O primeiro documentário que fez foi aquando da visita da Rainha de Inglaterra, Isabel II, a Lisboa, em 1957. «Filmou a passagem da caravana da monarca pela Avenida de Roma», diz.

«A ideia é obter doações ou empréstimos para podermos digitalizar e divulgar filmografia de caráter etnográfico e documental, de autores amadores ou semiprofissionais que documentaram o Algarve nas suas diversas facetas sociais e culturais. Há modelos jurídico-legais para podermos fazer isso», acrescenta Raimundo. Aliás, um trabalho que já está a ser feito, através de uma recente «Mostra de Cinema Documental e de Ensaio», mostras de cinema itinerantes, em Faro e Loulé.

«A longo prazo, e estamos a falar em 10 anos, queremos ter aqui um centro de cinema documental e etnográfico, entre as décadas de 1950 até à contemporaneidade», explica.
«A partir dos anos 1940 houve muita gente a filmar aqui no Algarve. Mais tarde queremos até trabalhar a um outro nível», ambiciona.

E para a Galeria do Alto? Responde Adão, artista, formado em Belas-Artes, ex-professor e fundador da Galeria Margem, em Faro. «Tenho uma grande coleção de pintura, escultura e desenho. Foi sempre uma preocupação não dispersar a obra nem deixar desaparecer ingloriamente. Uma das primeiras coisas que fizemos foi entrar em contacto com o Museu Municipal de Faro e fizemos um inventário do acervo. As obras podem ser expostas conforme a programação» no futuro. Há ainda a ideia de pertencer a uma rede regional de intercâmbio. Para já, ainda não está definido quem irá abrir e fechar portas de tudo isto. «Prevemos que no futuro próximo teremos que empregar uma pessoa», diz Adolfo, embora as galerias em mundo rural funcionem sobretudo ao fim de semana.

Regras de conduta.

No campo da literatura, a ideia é que os Gorjões sejam um polo da Biblioteca Municipal de Faro, o que permitiria «tratarmos dos livros do ponto de vista técnico e científico, inventariar, catalogar», além de um trânsito de acesso público de obras, sugere Raimundo.

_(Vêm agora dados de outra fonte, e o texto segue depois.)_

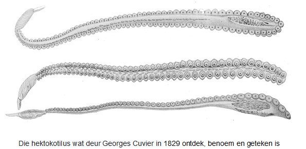 Oorspronklik, voor mense geweet het wat dit was, het mense gedink dat die hektokotilus, wat hulle soms in ‘n wyfie se mantelholte gevind het, ‘n parasitiese wurm was. Vir interessantheid Aristoteles (384-322 vC) was onder andere ‘n mariene bioloog wat toe reeds die hektokotilus beskryf het. Mense het of nie verstaan wat hy geskryf het nie, of dit geïgnoreer, of dit nie geglo nie, maar mettertyd is dit vergeet. Dit was eers in 1829 weer deur die beroemde bioloog George Cuvier ontdek, benoem en beskryf.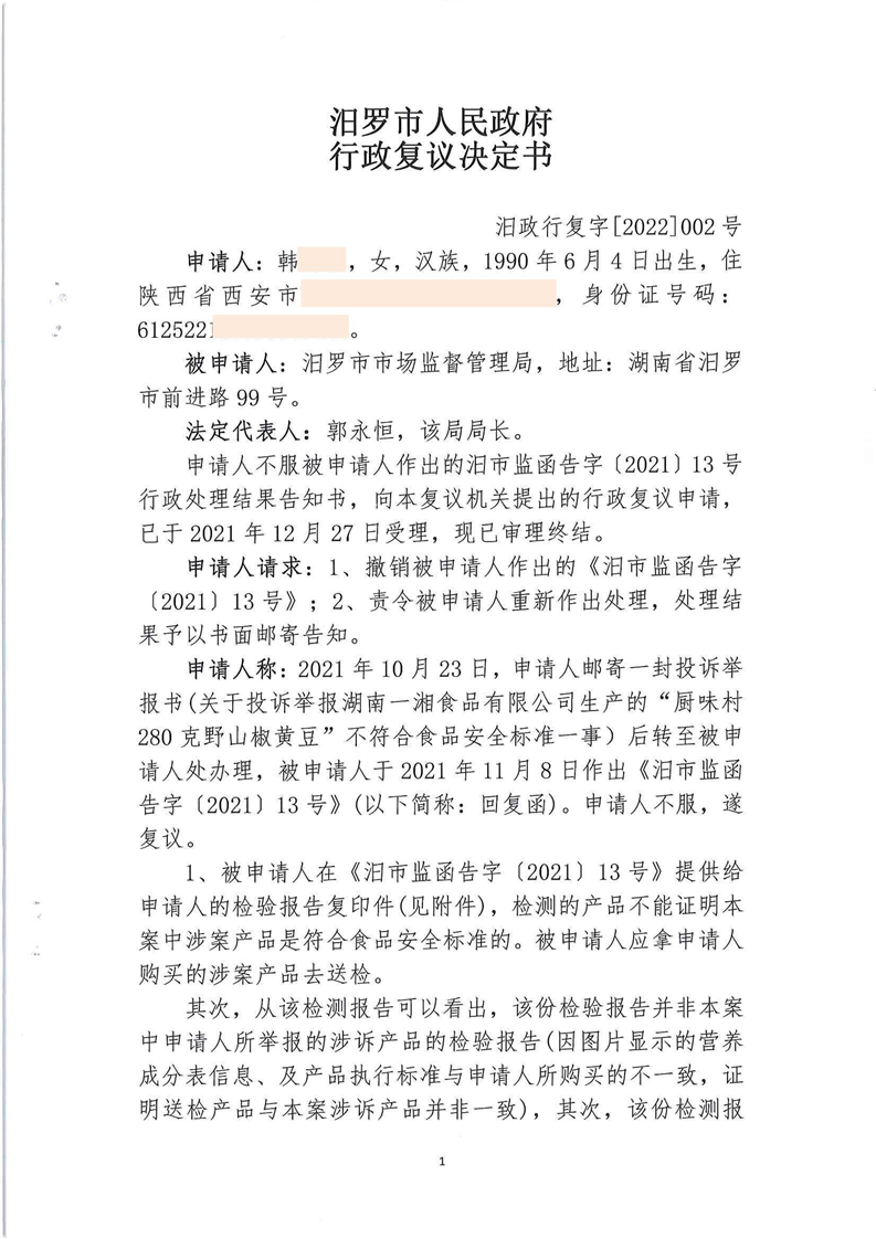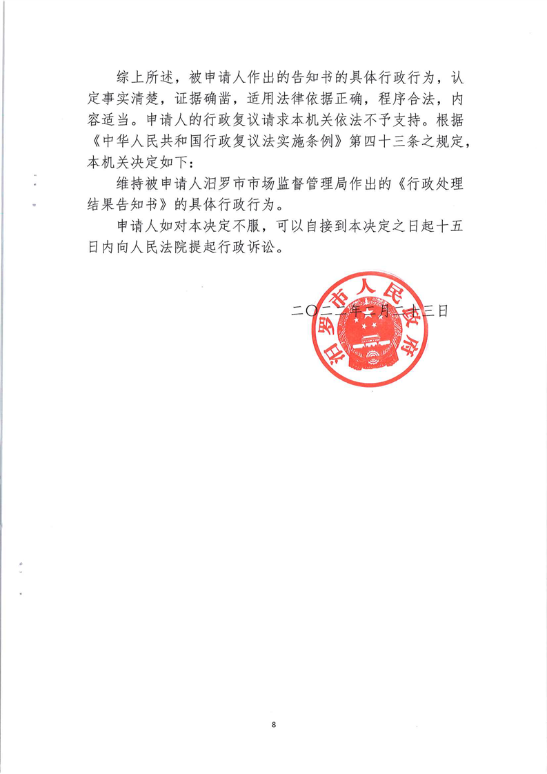 行政复议终止决定书(汨政行复字[2022]002号)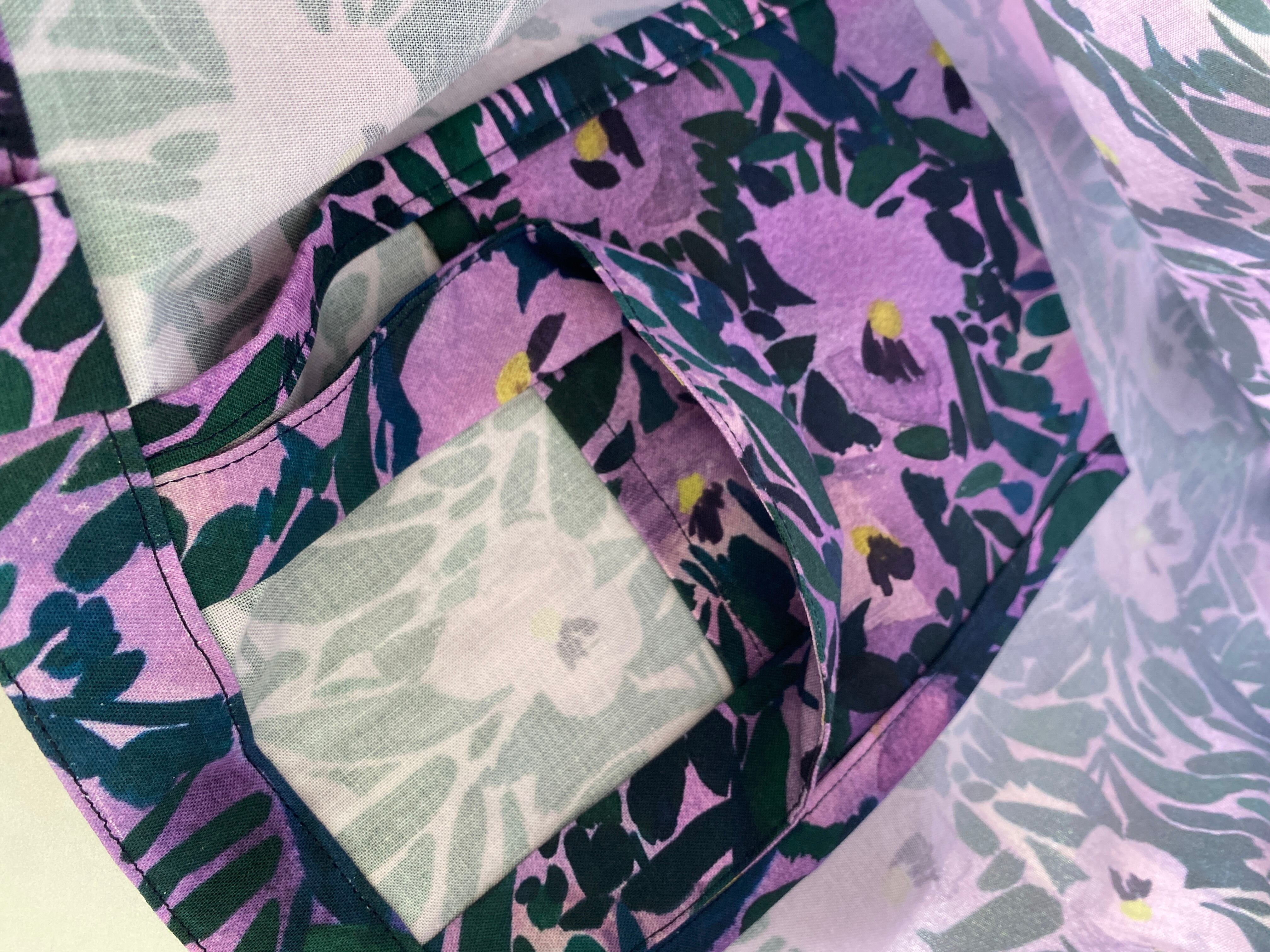 持ち手は肩かけと手持ちの2wayで、用途に応じて使い分けができます。それから中に、スマホなど入れられる内ポケット的なものをつけました。

E também se aceitam doações. Foi o que fez Natércia Madeira, que deu o espólio em memória do pai Manuel Madeira. «Foi um resistente antifascista, pertenceu ao Movimento de Unidade Democrática (MUD) e foi muito amigo do poeta António Ramos Rosa», descreve Adão.

E a agenda para 2023? «Temos um plano de atividades. Vai ser um ano de reforço. A associação está registada como editora de livros para 10 ISBN». A direção já tem alguns contratos-programa assinados e o objetivo é encetar candidaturas para financiar os vários projetos previstos.

Ao longo de novembro, está em marcha o projeto «A construção do lugar do Alto», em parceria com o Colectivo Janela Aberta Teatro (JAT), com foco nas memórias sociais e culturais dos naturais ou residentes do Sítio dos Gorjões. O objetivo é criar um trabalho cénico para apresentar até final do ano.

Na apresentação de sábado, dia 19, será distribuído o livro «A Pequena Grande Utopia» de Adolfo Pinto Contreiras, sobre a vida do pai e haverá um cocktail com música jazz do contrabaixista Zé Eduardo, que é residente permanente nos Gorjões.